No matter how much Jarman may have seemed to enjoy defacing beauty (a typical image, from The Last of England, offers a bird’s-eye-view of a young buck thrusting atop a classical portrait), his films are also deeply romantic. There is always the question with Jarman’s films whether he’s relishing or lamenting all those blasted post-apocalyptic landscapes. Shattering paradise doesn’t seem make him believe in it any less, and Derek captures this overriding exuberance in visual terms, offsetting the fleshy pinks and browns of Jarman’s original footage with the cold digital blues of Tilda’s haunt.

Derek
also gleams some of the Jarmanian frisson simply by excerpting from the films themselves, perhaps winning over a new generation of curiosity-seekers. Julien probably quotes most frequently from Jubilee (1977) and The Last of England (1988), which make sense, since they’re probably Jarman’s two fiercest portraits of England’s rank-and-file decay. Frequently billed as the first punk rock movie, Jubilee seems less remarkable in hindsight for its Brechtian sloganeering ("The world’s your oyster, so eat it!"), masochism (the documentary excerpts a brutal post-coital asphyxiation) and Adam Ant-supplied affectation than for its surprisingly conservative frame. Like a warped version of A Christmas Carol, the film’s depravities are presented by an oracle to Queen Elizabeth I, living in a golden age accompanied by a androgynous poet-counselor. The gay men in the film are tortured and murdered by men-in-uniform—a recurring theme in Jarman’s work—but despite the punk mantra of "no future," the director holds fast to an idyllic vision of a "pure" past. It’s something which would come up again and again in his many Renaissance dramas and infatuation with Shakespeare, Caravaggio, Christopher Marlowe and, of course, Jesus Christ.

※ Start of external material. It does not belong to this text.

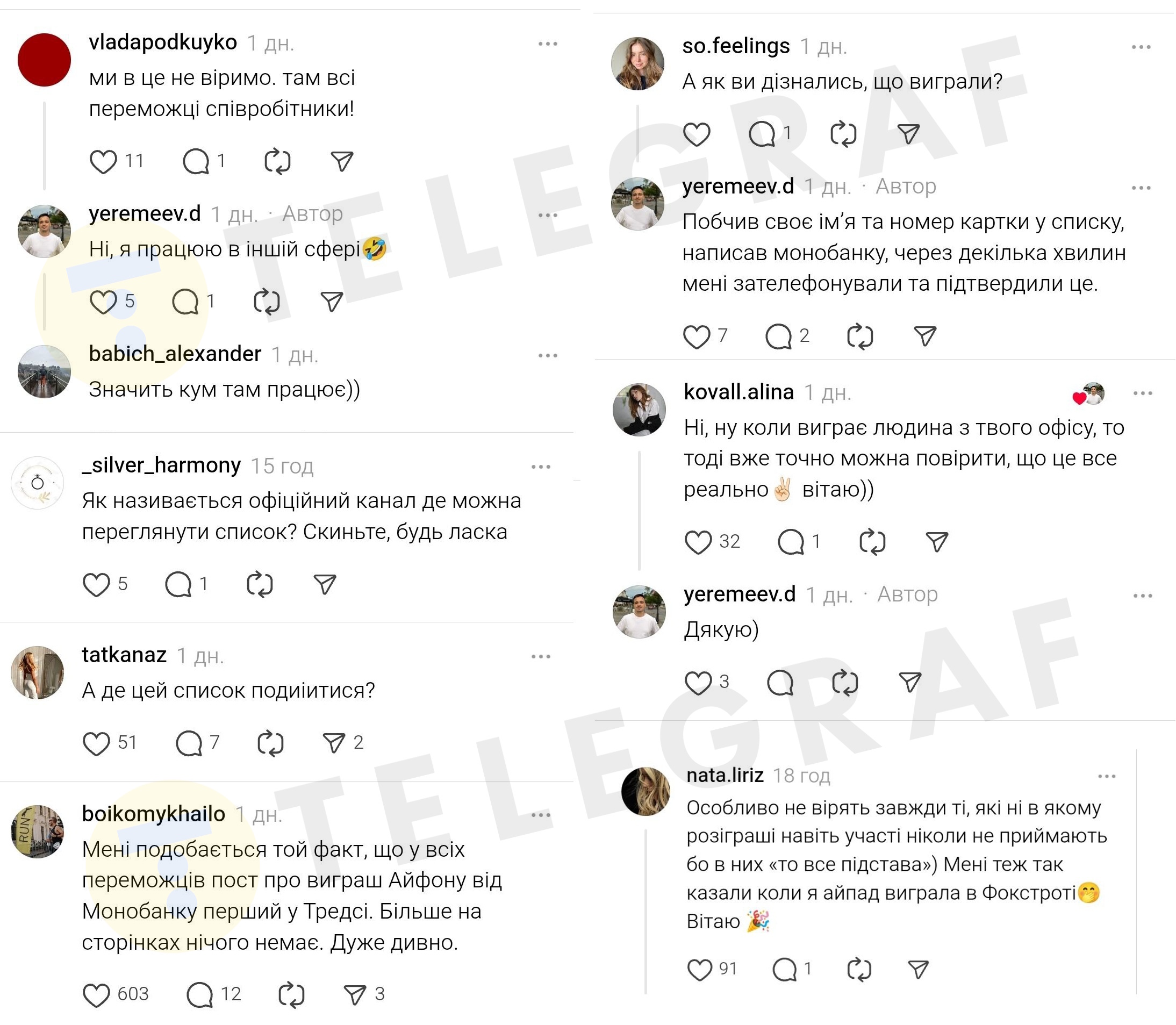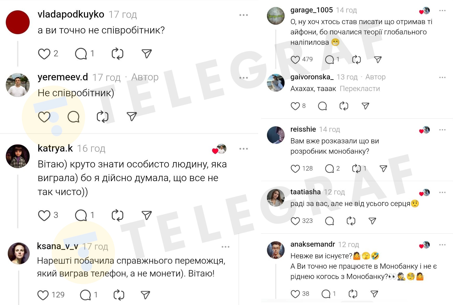 - Мені подобається той факт, що у всіх переможців пост про виграш Айфона від Монобанку перший у Тредсі. Більше на сторінках немає нічого. Дуже дивно.

Jarman was a persistent rouser from the start, but he seemed to take new resolve during the Thatcher years—he responded to this perceived foe by stepping up his political advocacy and blurring the lines between drama, manifesto and autobiography. Drawing on home movies and stock footage, the poetry of T.S. Eliot and Allen Ginsberg and the banshee wails of Diamanda Galás, The Last of England is the closest Jarman ever came to achieving a visionary cinema of social unrest. The film’s delirious docu-fiction swirl oddly resembles Guy Maddin’s latest, My Winnipeg, though the tone of The Last is England is distinctly dire. Jarman discovered he was HIV-positive soon after finishing the film, and keeping true to form went loudly public with his disease—the moment he really became the saint of Julien and Swinton’s making.

The gaunt director was still perfectly capable of archness or questionable provocations in his later films, but they were streamlined enough to make his weaknesses seem like strengths. Where previously critics argued Jarman’s style wasn’t sufficiently cinematic (whatever that means), it’s hard to imagine anyone but a painter like him would have been capable of Blue (1993), his monochrome recital of AIDS. Derek doesn’t distinguish amongst Jarman’s accomplishments, but one is finally left with the sense of his being a desperately necessary filmmaker—for being an openly gay man (the film’s inclusion in the Frameline festival is a no-brainer), but also as an artist acting with impunity in a society not eager to acknowledge difference. If homosexuality and England were his two great themes, that still doesn’t account for the brash jouissance of cinema Jarman. It’s a kind of pride, an adolescent urge to dispense with convention, a quality which Swinton evokes as the "whiff" of the school play in Jarman’s movies. A recurring image of The Last of England shows a young boy guiding a boat through dark waters with a sparkling torch, and this, finally, is Jarman’s pose. Fourteen years after his death, his work still speaks loudly to the risk of discovery.